**EXERCISE AIM**:
Please output the records below word for word and omit the pictures.

Saved data entries:

----------

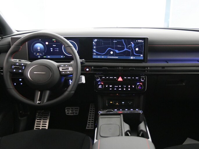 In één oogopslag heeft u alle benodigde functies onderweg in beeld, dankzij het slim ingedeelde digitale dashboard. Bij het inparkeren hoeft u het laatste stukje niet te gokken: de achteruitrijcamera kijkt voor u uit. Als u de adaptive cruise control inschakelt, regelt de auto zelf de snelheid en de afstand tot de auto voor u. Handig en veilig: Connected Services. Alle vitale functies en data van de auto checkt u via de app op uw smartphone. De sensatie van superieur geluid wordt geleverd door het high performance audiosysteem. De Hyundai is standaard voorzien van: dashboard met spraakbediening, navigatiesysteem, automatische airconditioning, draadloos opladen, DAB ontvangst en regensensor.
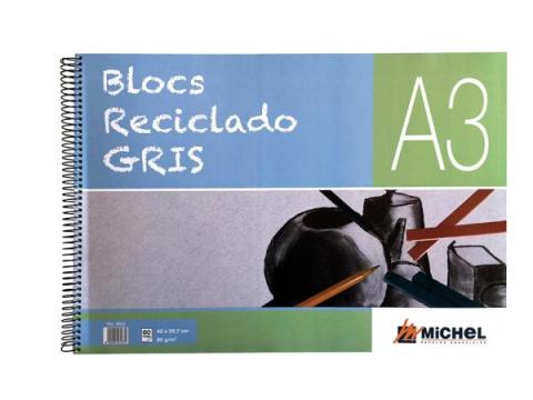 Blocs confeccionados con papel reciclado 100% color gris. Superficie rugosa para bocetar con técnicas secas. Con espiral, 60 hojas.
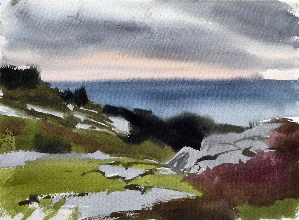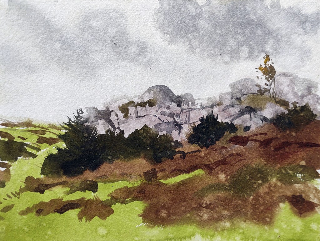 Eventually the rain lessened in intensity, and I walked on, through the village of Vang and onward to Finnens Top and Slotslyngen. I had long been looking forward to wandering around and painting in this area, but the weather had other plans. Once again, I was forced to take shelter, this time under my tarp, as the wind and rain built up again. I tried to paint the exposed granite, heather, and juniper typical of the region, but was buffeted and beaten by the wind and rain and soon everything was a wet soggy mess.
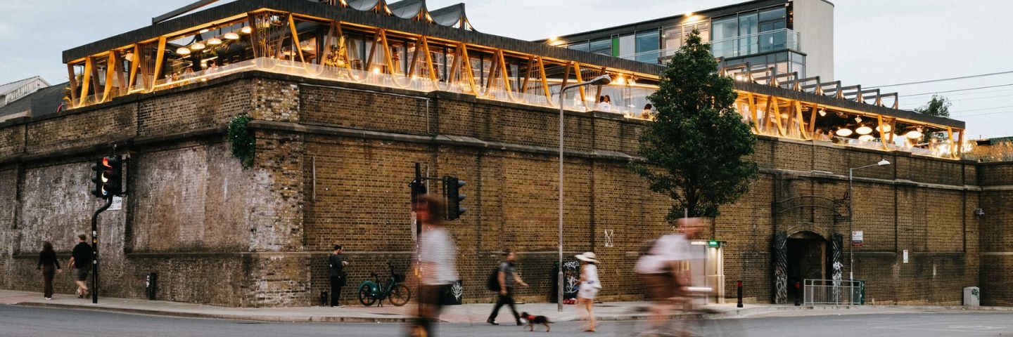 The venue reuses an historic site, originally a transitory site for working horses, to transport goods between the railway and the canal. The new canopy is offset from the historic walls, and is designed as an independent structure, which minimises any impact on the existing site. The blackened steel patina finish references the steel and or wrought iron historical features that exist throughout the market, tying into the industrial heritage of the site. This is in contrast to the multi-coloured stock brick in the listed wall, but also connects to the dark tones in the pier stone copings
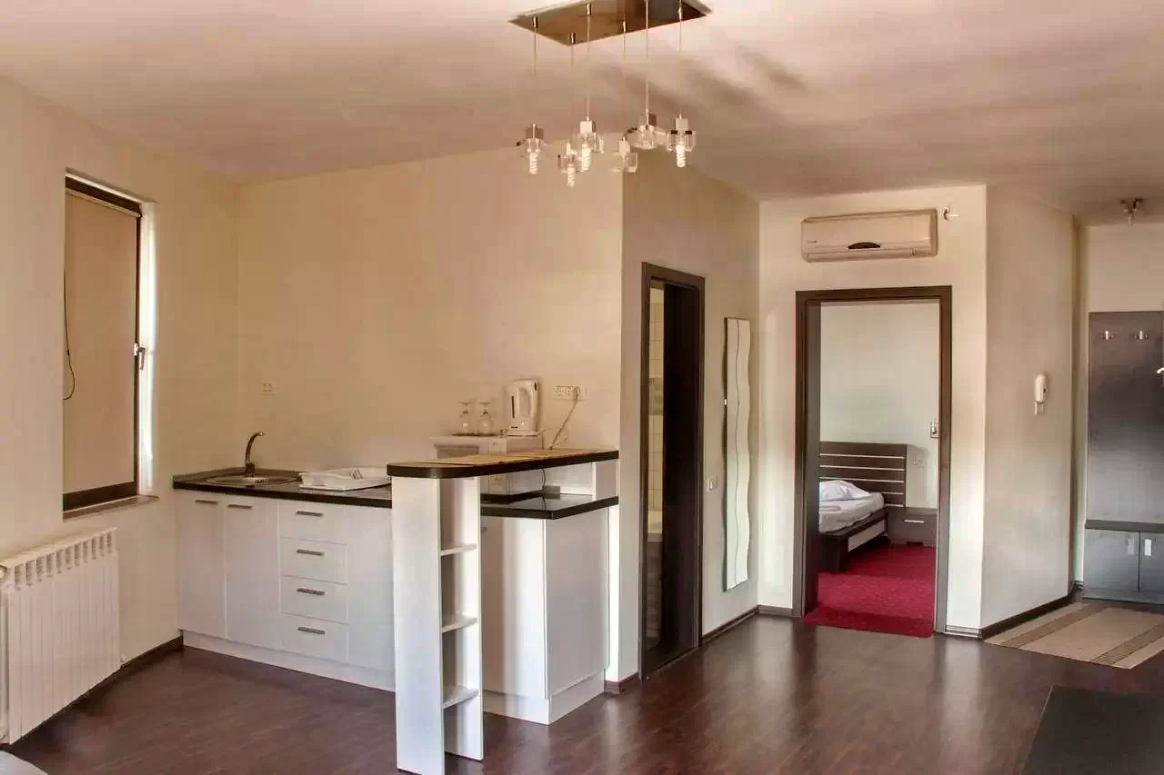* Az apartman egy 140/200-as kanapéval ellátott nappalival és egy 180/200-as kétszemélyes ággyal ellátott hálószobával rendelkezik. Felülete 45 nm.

----------

**TASK RESULT**:
 In één oogopslag heeft u alle benodigde functies onderweg in beeld, dankzij het slim ingedeelde digitale dashboard. Bij het inparkeren hoeft u het laatste stukje niet te gokken: de achteruitrijcamera kijkt voor u uit. Als u de adaptive cruise control inschakelt, regelt de auto zelf de snelheid en de afstand tot de auto voor u. Handig en veilig: Connected Services. Alle vitale functies en data van de auto checkt u via de app op uw smartphone. De sensatie van superieur geluid wordt geleverd door het high performance audiosysteem. De Hyundai is standaard voorzien van: dashboard met spraakbediening, navigatiesysteem, automatische airconditioning, draadloos opladen, DAB ontvangst en regensensor.
 Blocs confeccionados con papel reciclado 100% color gris. Superficie rugosa para bocetar con técnicas secas. Con espiral, 60 hojas.
 Eventually the rain lessened in intensity, and I walked on, through the village of Vang and onward to Finnens Top and Slotslyngen. I had long been looking forward to wandering around and painting in this area, but the weather had other plans. Once again, I was forced to take shelter, this time under my tarp, as the wind and rain built up again. I tried to paint the exposed granite, heather, and juniper typical of the region, but was buffeted and beaten by the wind and rain and soon everything was a wet soggy mess.
 The venue reuses an historic site, originally a transitory site for working horses, to transport goods between the railway and the canal. The new canopy is offset from the historic walls, and is designed as an independent structure, which minimises any impact on the existing site. The blackened steel patina finish references the steel and or wrought iron historical features that exist throughout the market, tying into the industrial heritage of the site. This is in contrast to the multi-coloured stock brick in the listed wall, but also connects to the dark tones in the pier stone copings
* Az apartman egy 140/200-as kanapéval ellátott nappalival és egy 180/200-as kétszemélyes ággyal ellátott hálószobával rendelkezik. Felülete 45 nm.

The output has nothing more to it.